What I have found is that most of the users only accepts answers, when they are asked to improve their accept rate. So at time, it's not shown on the posts, the users will not bother as much to accept the answers, somehow it could halt the good answers,

  • Good answers will not get appreciation.
  • It would be difficult to know which answer exactly solves the problem.

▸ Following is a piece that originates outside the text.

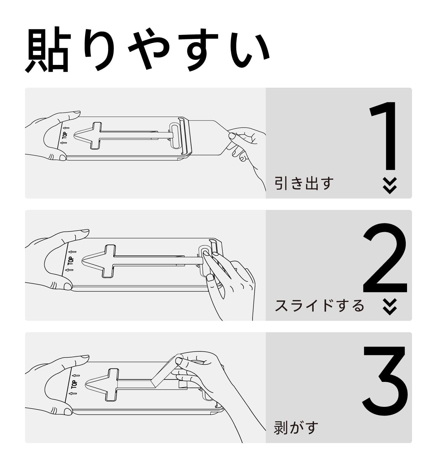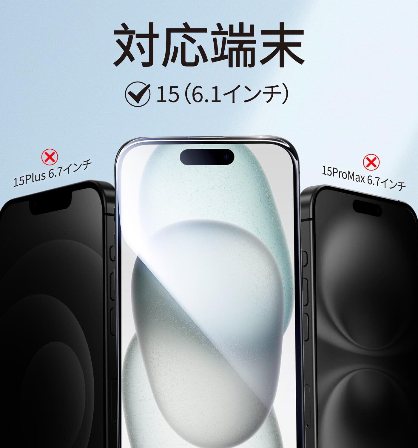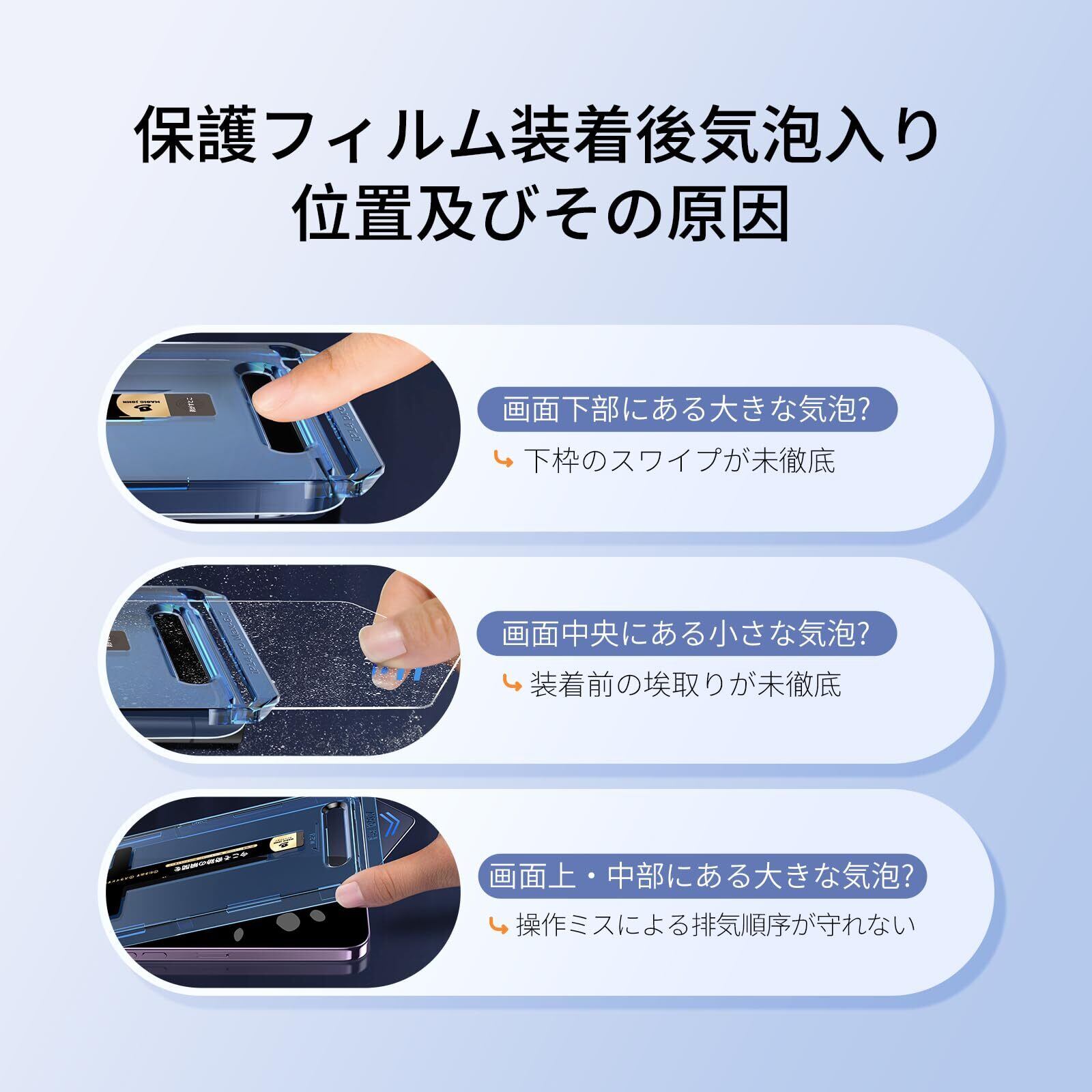 【もう失敗はしない】本製品はiPhone15に対応するガラスフィルム2枚セットです。百万以上の欧米ユーザーのフィドバックを集めて日々改善したガイド枠は、3歩だけで保護フィルムを貼り付けます。そのうえ、自動ホコリ取りデザインだけでなく、ガイド枠のスロープデザインで、空気を順序に取り除くことができて、初心者でも気泡レスのまま綺麗に貼れます。

So I don't think it's a good idea to just remove the Accept rate from the posts without providing a good alternative for it.

1
  • Having a 100% accept rate will not (or at least should not) impress other users into answering your questions. It is perfectly legitimate to have an accept rate much lower than 100%, particularly if you pose challenging questions.
    – user200500
    Feb 6, 2013 at 4:19
-3

If the end goal is to increase the amount of accepted answers, the straightforward way of accomplishing that is to award points for accepting answers.

7
  • 20
    ...like the 2 rep you get?
    – Bart
    Jan 26, 2013 at 19:05
  • Make it more like 20.
    – Apocalisp
    Jan 26, 2013 at 20:51
  • 1
    @Apocalisp - It has to be between 2 and 4 . Jan 26, 2013 at 21:07
  • 2
    @Adel Interesting, why the upper cap of 4? Jan 27, 2013 at 9:12
  • 1
    @Manishearth I guess to have less of an influence than a question upvote.
    – Bart
    Jan 27, 2013 at 9:16
  • @Bart - yes, that is it. Jan 27, 2013 at 16:14
  • 1
    @Apocalisp 20 rep is more than the answerer receives for solving the problem in the question.